ASC Data Analysis Architecture

M. Conroy, W. Joye, J. Herrero, S. Doe
AXAF Science Center, Smithsonian Astrophysical Observatory, 60 Garden Street, Cambridge, MA 02138

A. Mistry
AXAF Science Center, TRW, 60 Garden Street, Cambridge, MA 02138

 

Abstract:

The AXAF Science Center (ASC) is using an ``open architecture'' approach to develop its data analysis environment. The system is a loosely coupled environment consisting of several major applications: visualizer, browser, fitter/modeler, as well as the data analysis tool-box. The ASC Data Model and Interprocess Communications (IPC) provide the data interface between applications and tools. The Navigator, CLI, and Profile Editor provide the user with different control methods to access these components. The modular design provides a flexible, configurable environment in which the user can create customized applications from the standard components.

             

1. Introduction

The ASC must develop, distribute, and support a portable data analysis package to provide observers world-wide with the ability to analyze AXAF data. The ``open architecture'' approach adopted for the ASC Data Analysis System allows maximum reuse of existing software, while providing an environment that can be customized and adapted for user-specific or future project needs. The architecture defines loosely coupled interfaces to facilitate customization of the environment by replacement of components.

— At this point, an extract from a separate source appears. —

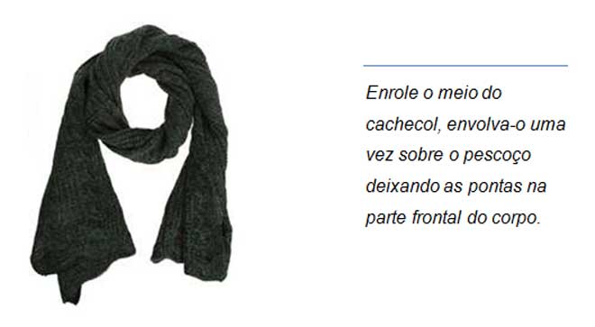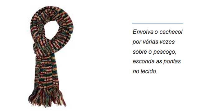 Cachecol: Costumam ser feitos de tecidos pesados com lã, tricô ou crochê. Normalmente são compridos, estreitos e dão um efeito bem volumoso. O propósito desse acessório é proteger a garganta.

2. Data Analysis Environment

A diagram of the data analysis environment appears in Figure 1.

  
Figure: Data analysis environment. Original PostScript figure (128kB).

The components of the environment can be categorized as follows:

3. Data Model

The data model provides a high-level application interface (API) through which all tools and applications can interact with the data. The Data Products layer defines the data API for the tools and applications. The data products consist of the standard high-energy astrophysics data products such as event-lists, spectra, and light-curves. This interface is independent of the physical storage formats (Herrero, Oberdorf, & Conroy 1997). Figure 2 shows the layered architecture of the Data API, the data model, and the dynamic data formatting(DDF).

  
Figure: ASC Data API and Data Model. Original PostScript figure (5kB).

4. Tool Architecture

The tools represent stand-alone executables that perform single functions. Each tool is invoked with user-specified parameters and transforms input data into output data. They are designed using an ``open architecture,'' and are built using layered libraries (Conroy et al. 1996). The SAO Parameter Interface provides the mechanism by which these tools may be configured into the analysis environment when desired. The parameter values may be specified directly or via helper tools that invoke IPC calls to other parts of the environment or to a shared dataset parameter file. In this way, it is possible for a tool to perform analysis on an image region indicated by the Data Visualizer. Similarly, user scripts and pipelines can produce PostScript graphics plots when running in a batch environment, by accessing services without user interaction.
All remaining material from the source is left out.